The City of London is bracing for a reckoning. Yesterday’s sharp sell-off in US tech stocks has reignited fears that the artificial intelligence rally is little more than a speculative mania dressed up in algorithms. The FTSE 100 shed 1.2% in early trading, dragged down by a 4% plunge in chipmaker shares and a 3% drop in cloud computing giants. British regulators are now facing calls to intervene before the froth spills onto our shores.
Let’s call a spade a spade. The AI bubble is the most overhyped asset class since the South Sea Company. We have seen this playbook before. In the late 1990s, dot-com darlings promised to revolutionise commerce. They did, eventually. But not before wiping out billions in retail savings. Today, every second start-up claims to be “AI-powered”, yet few can demonstrate a path to profit. The yield on the 10-year gilt has risen 15 basis points this week as investors flee growth stocks for safety. That is not the behaviour of a rational market.
Hedge funds are already shorting AI-heavy indices. Capital flight is accelerating. The Prudential Regulation Authority and the Financial Conduct Authority must act with urgency.
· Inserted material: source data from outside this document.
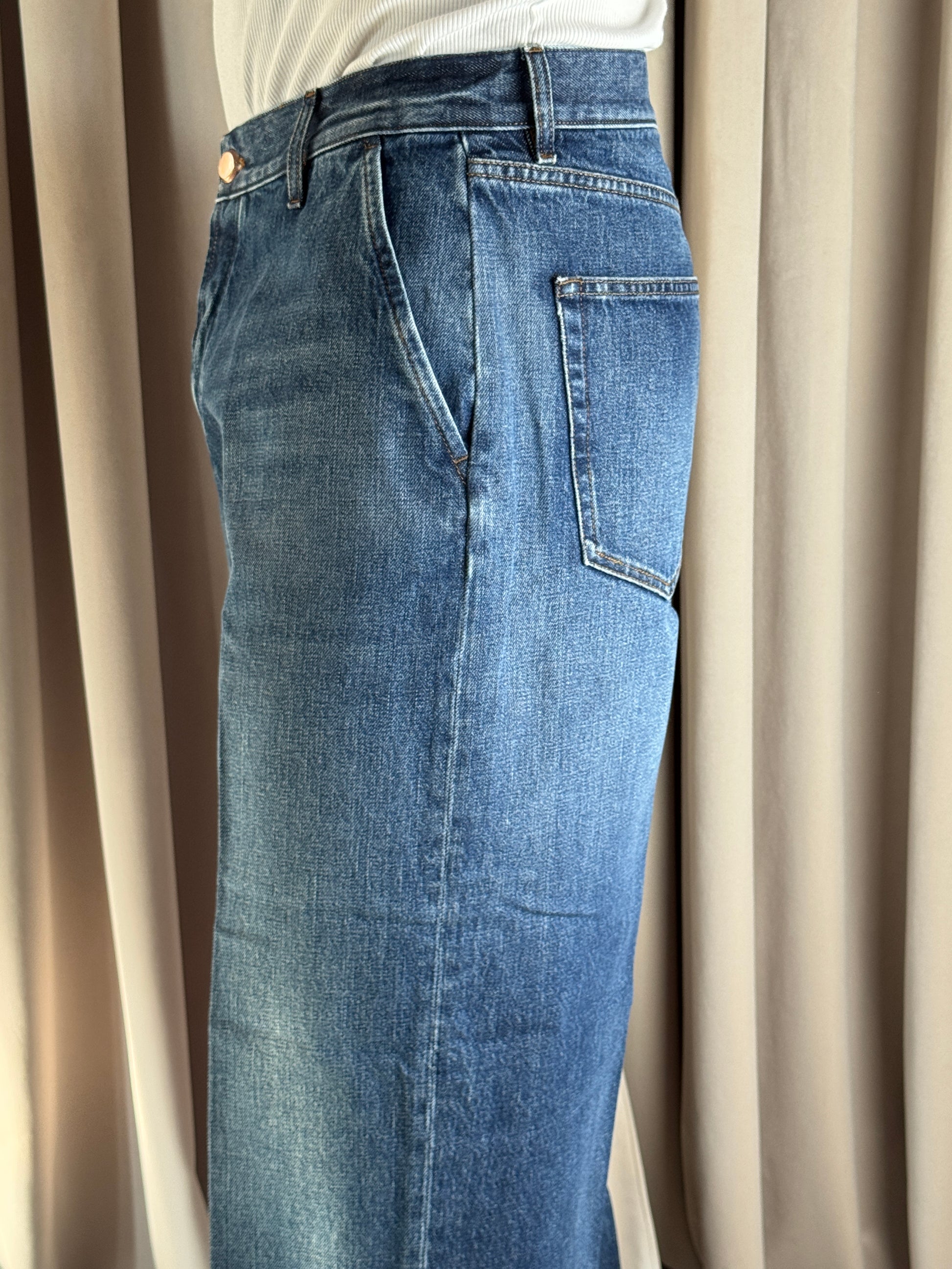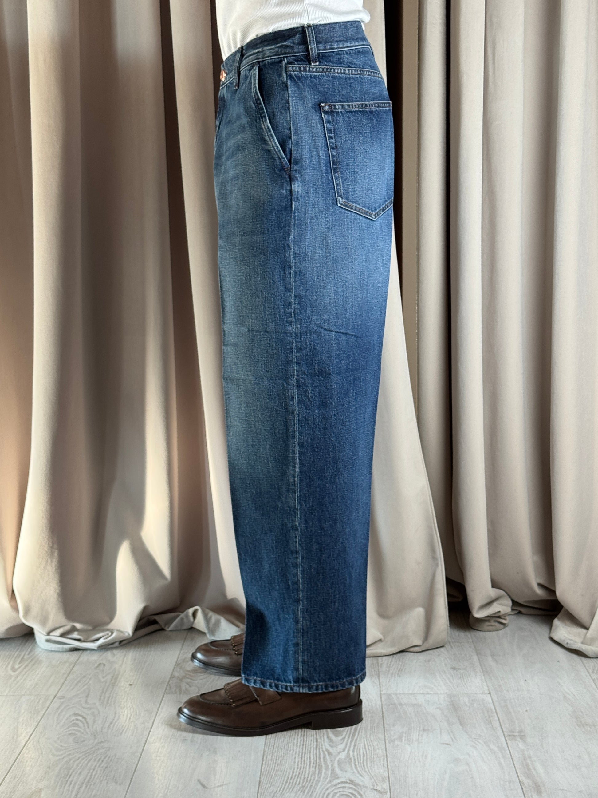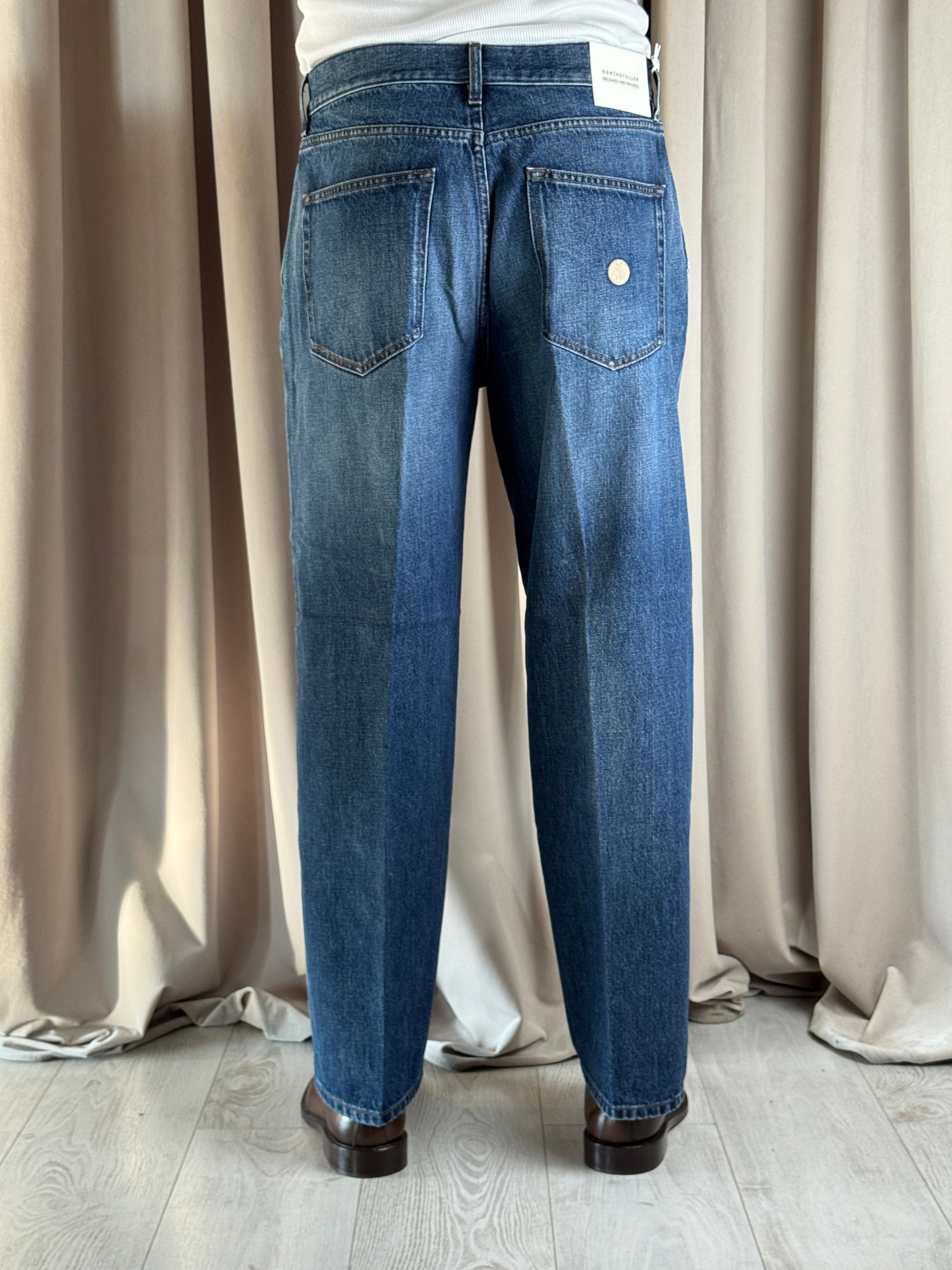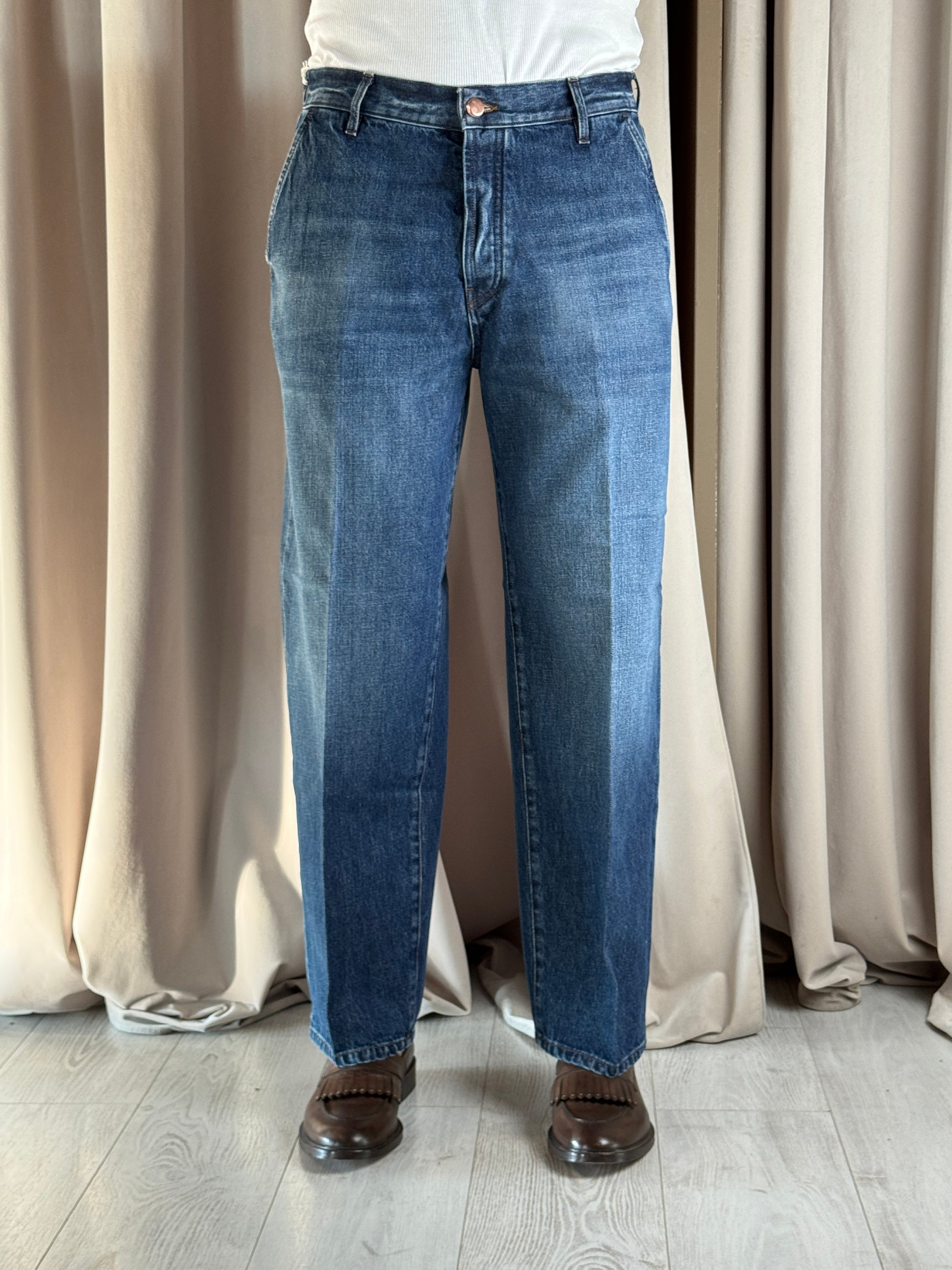 Denim modello Austin, lavaggio vintage, tasca America, gamba e fondo largo.
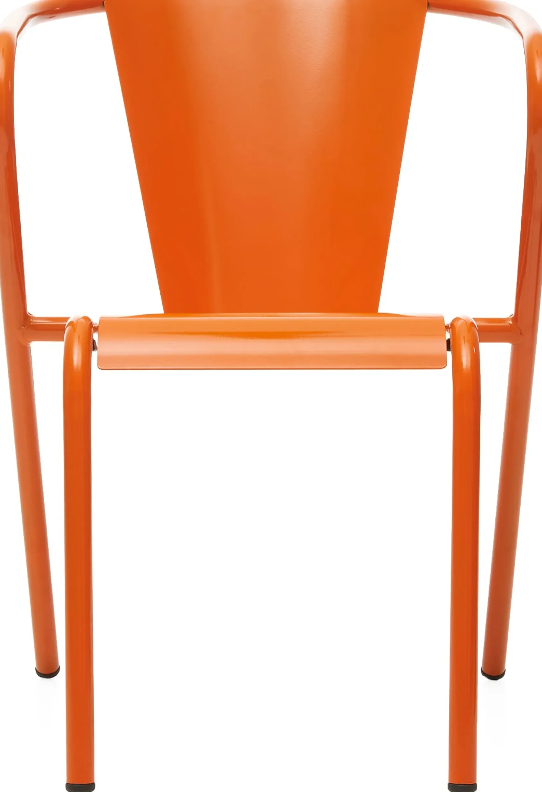 Portugiesische Ikone: Seit den 1950er-Jahren produziert und aus dem öffentlichen Bild Portugals nicht wegzudenken ist dieser schöne Stuhl aus Stahl, wetterfest pulverbeschichtet. Dank seiner Formgebung und seinem leicht abfallenden Sitzwinkel sitzt man in ihm sehr komfortabel und entspannt – nicht nur beim Café Galão. Schöne Sitzgelegenheit für den Ess-, Lese- und Sonnenplatz. In der Auswahl an attraktiven Farben verbirgt sich hinter den Versionen Perlweiß, Taubenblau und Blassgrün eine Besonderheit: Sie gehören zu den Farben, die die Stadtverwaltung Lissabons als Farben zur öffentlichen Bestuhlung freigegeben hat.
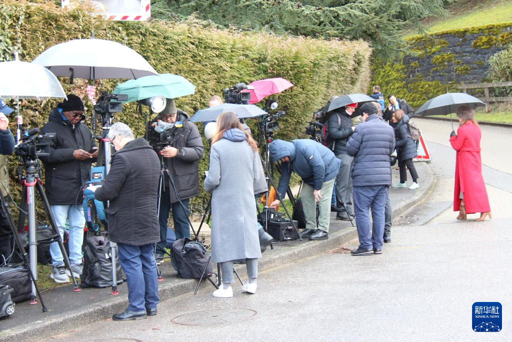 2月17日,在瑞士日内瓦,记者在阿曼驻日内瓦外交代表机构附近等待。新华社记者 石松 摄
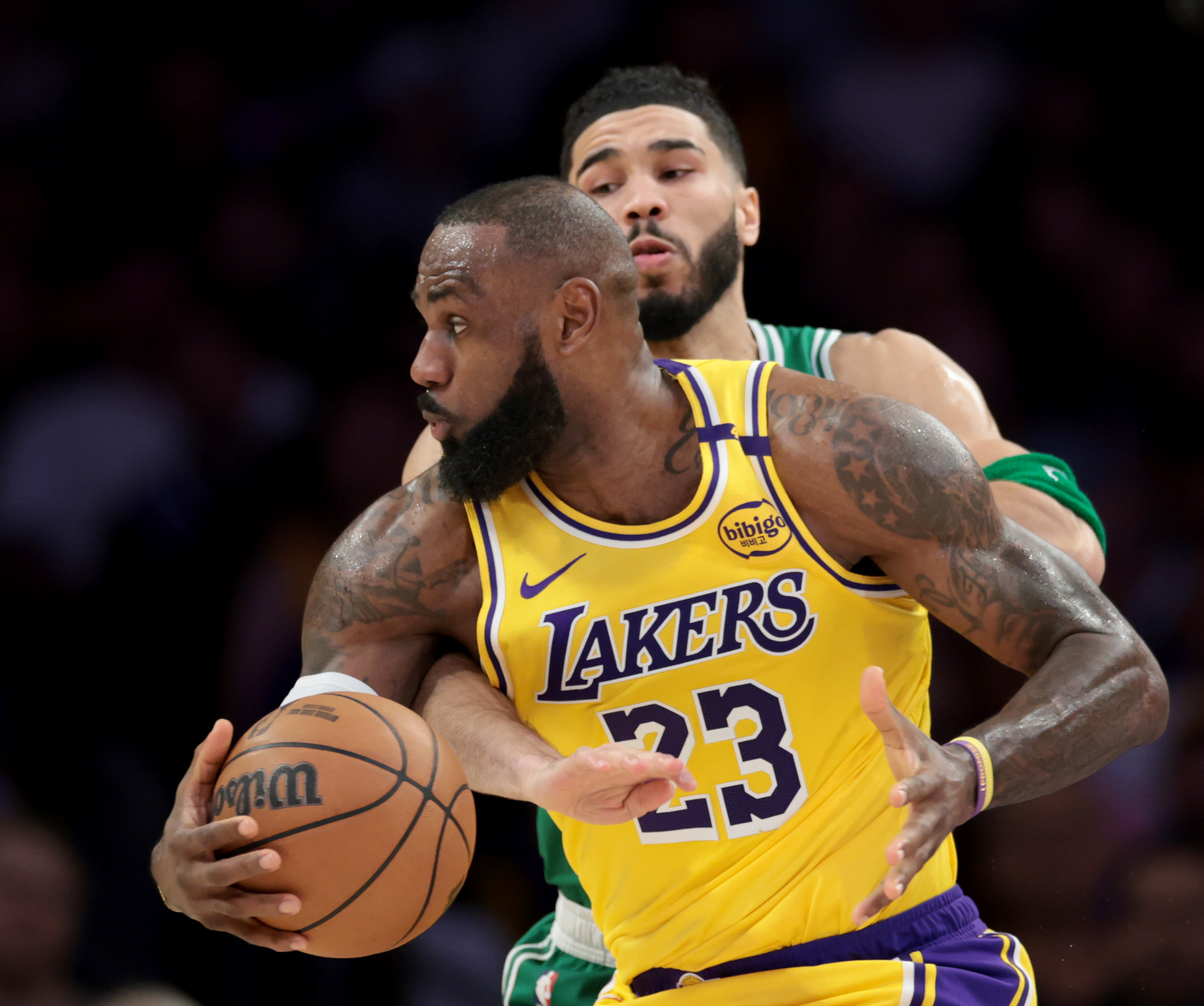Getty LOS ÁNGELES, CALIFORNIA – 23 DE ENERO: LeBron James #23 de los Los Angeles Lakers defiende a Jayson Tatum #0 de los Boston Celtics del balón durante una victoria de los Lakers por 117-96 en el Crypto.com Arena el 23 de enero de 2025 en Los Ángeles, California. (Foto de Harry How/Getty Images)
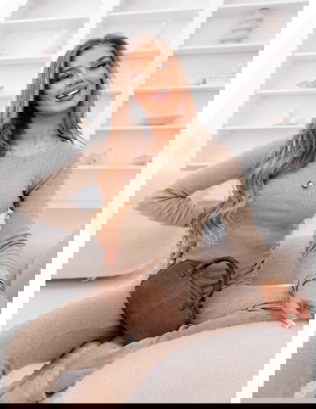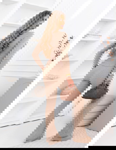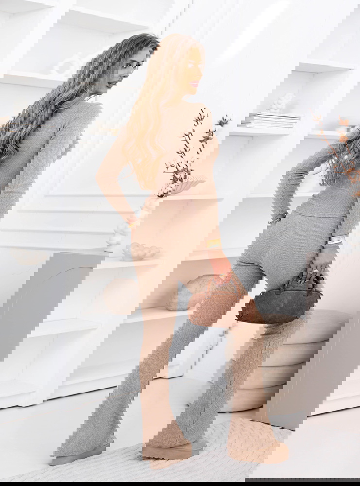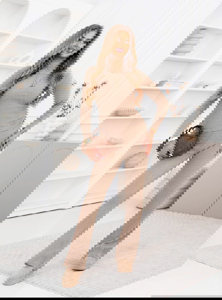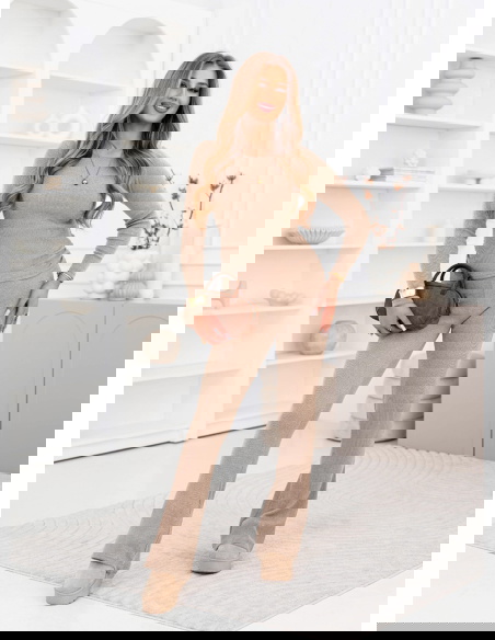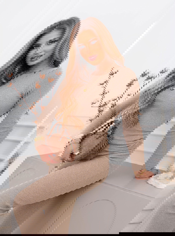 Beżowy prążkowany komplet dopasowana bluzka i spodnie Eliviaa

They should demand that listed companies disclose their actual AI use, not just buzzwords. Margin requirements on leveraged AI ETFs should be raised. If the Bank of England waits for the bubble to burst, it will be too late to mop up the mess.
Critics will cry “interventionism”. But this is not about picking winners; it is about maintaining market sanity. The real economy cannot afford another tech wreck. British pension funds are still nursing wounds from the 2022 gilt crisis. We cannot let a speculative mania in California dictate the retirement savings of British workers.
Of course, the optimists will point to genuine productivity gains from AI. And they are not wrong. Some firms will thrive. But the current valuations discount a future where every company is a winner. That is arithmetic fantasy. The price-to-earnings ratios in the S&P 500’s AI cohort are beyond the pale. When the music stops, and it will, the capital flight will leave a trail of wreckage.
The Treasury should also review tax incentives for AI investments. Subsidising speculation is not fiscal responsibility. We need a correction, not a crash. The only question is whether regulators will act pre-emptively or wait for the fire to spread. History suggests the latter. But this time, the consequences could be more severe. The interconnectedness of global markets means a US tech rout would hit London hard. The pound is already weakening against the dollar.
In summary, the AI bubble is a ticking time bomb. British regulators must step in now. The longer they wait, the higher the cost. This is not about stifling innovation; it is about protecting the integrity of our markets. The bottom line is clear: speculation without substance is a recipe for disaster.